#### Your assignment
Exactly as they appear, print the line with "韓国の伝統スイーツである「パ" and each line after it through the end of the entries below; leave out pictures.

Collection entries
══════════
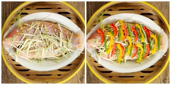 Bước 2: Chuẩn bị xửng hấp, đặt lên xửng 1 chiếc dĩa có lót sẵn1/2 số gừng và đầu hành thái sợi. Đặt cá diêu hồng vào dĩa, rãi 1/2 đầu hành lá và gừng còn lại lên trên. Xếp xen kẽ thêm ớt chuông đỏ vàng và hành lá cho món cá bắt mắt.
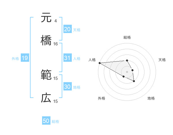 元橋 範広さんの総格は50画の2点!
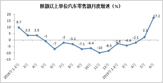 上半年限额以上单位汽车类零售额实现19113亿元,累计增长1.2%,增速较1-5月份提高3.2个百分点。其中,6月份同比增长17.2%,在同期基数较低、汽车消费回暖等综合因素影响下,增速环比大幅回升15.1个百分点。
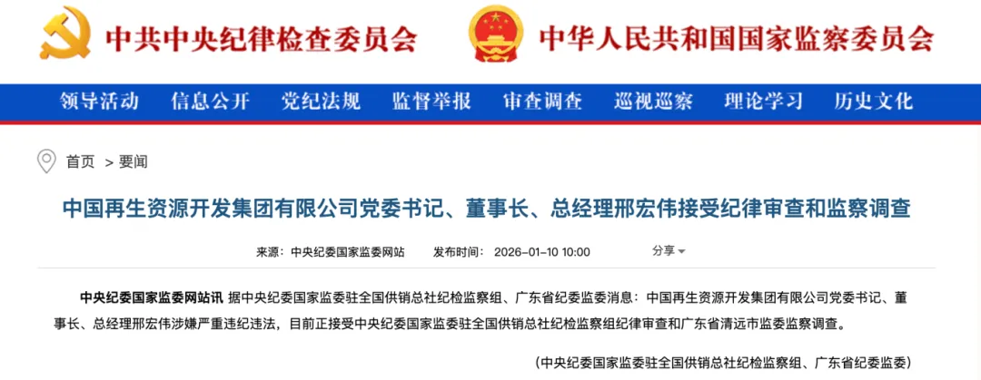 此前,2025年12月20日,中国再生资源集团全资控股的中再资源环境股份有限公司(中再资环,600217)发布公告称,公司董事会于2025年12月19日收到公司董事长邢宏伟递交的书面辞职报告,邢宏伟因个人原因申请辞去公司第八届董事会董事长、董事、董事会战略委员会主任委员和委员及薪酬与考核委员会委员等职务,同时不再担任公司法定代表人。离任后,邢宏伟不再担任公司任何职务。
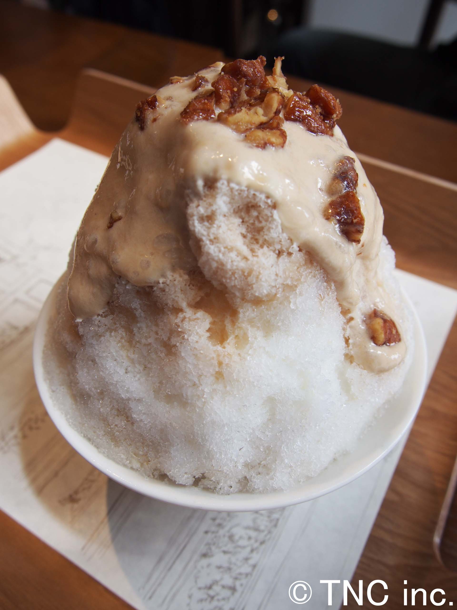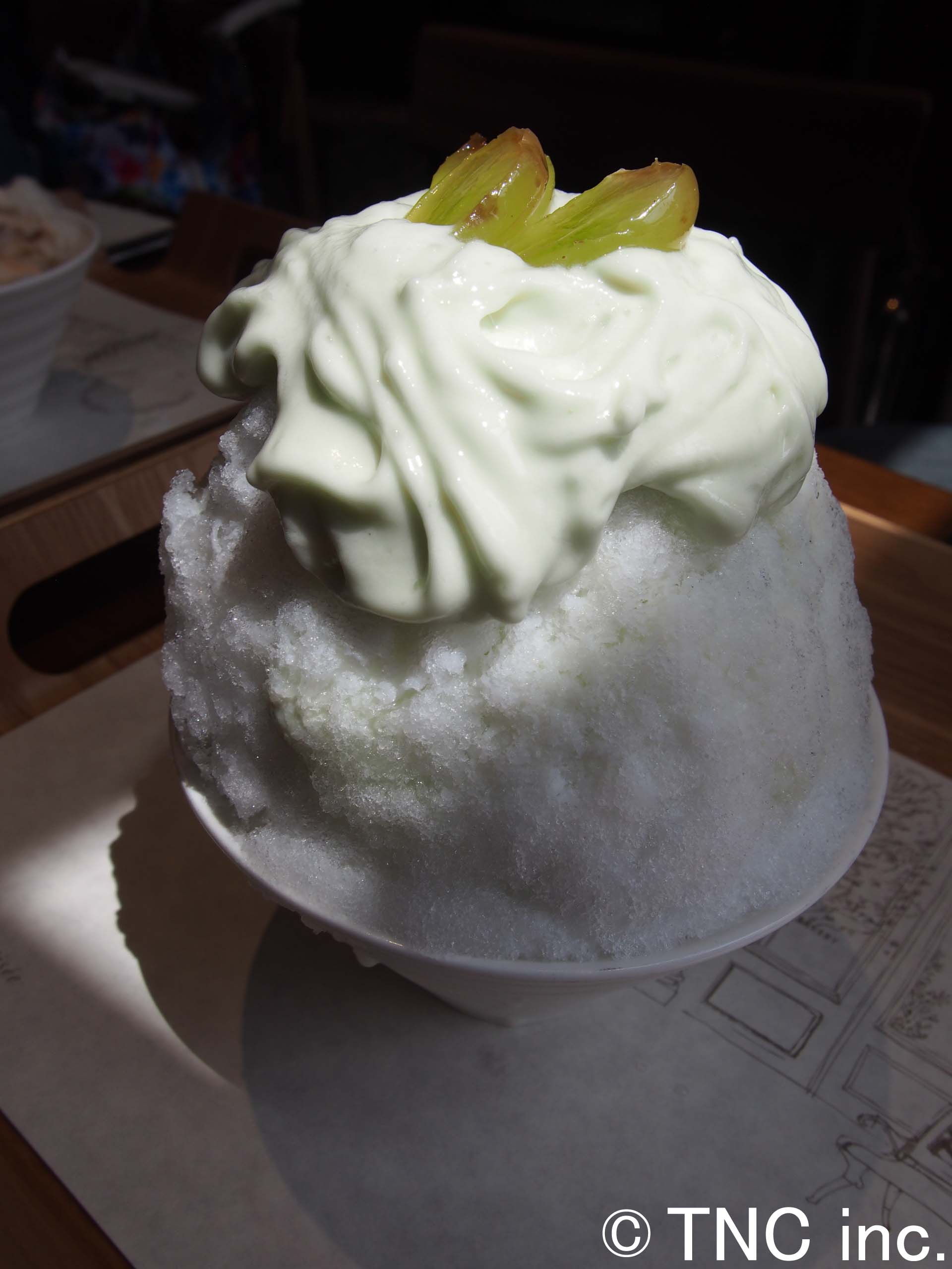 韓国の伝統スイーツである「パッピンス」。かき氷の上にあずきやフルーツ、アイスクリームなどを盛り付けたもので、多くの店で売られています。「Artisee Cafe」のパッピンスは、アールグレイやグリーングレープなど、これまでにない風味で、泡状のクリームが使われ、上にナッツやマスカットを乗せた洗練されたテイスト。いまどきの若者向けにアップデートされています。
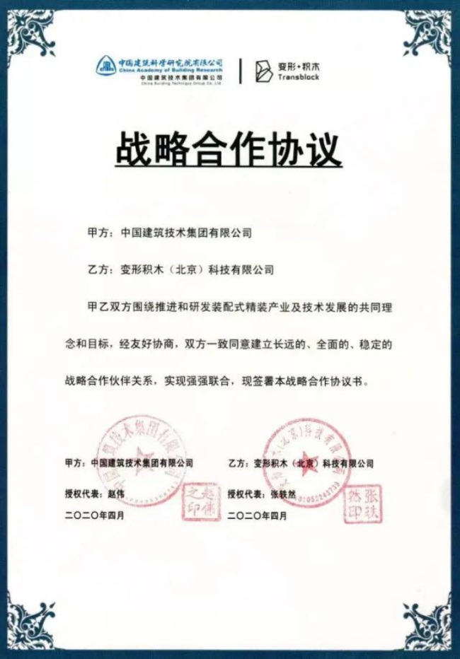 变形积木也是唯一与中国建筑科学研究院体系签署战略合作协议的创业公司。
══════════
#### Written response
 韓国の伝統スイーツである「パッピンス」。かき氷の上にあずきやフルーツ、アイスクリームなどを盛り付けたもので、多くの店で売られています。「Artisee Cafe」のパッピンスは、アールグレイやグリーングレープなど、これまでにない風味で、泡状のクリームが使われ、上にナッツやマスカットを乗せた洗練されたテイスト。いまどきの若者向けにアップデートされています。
 变形积木也是唯一与中国建筑科学研究院体系签署战略合作协议的创业公司。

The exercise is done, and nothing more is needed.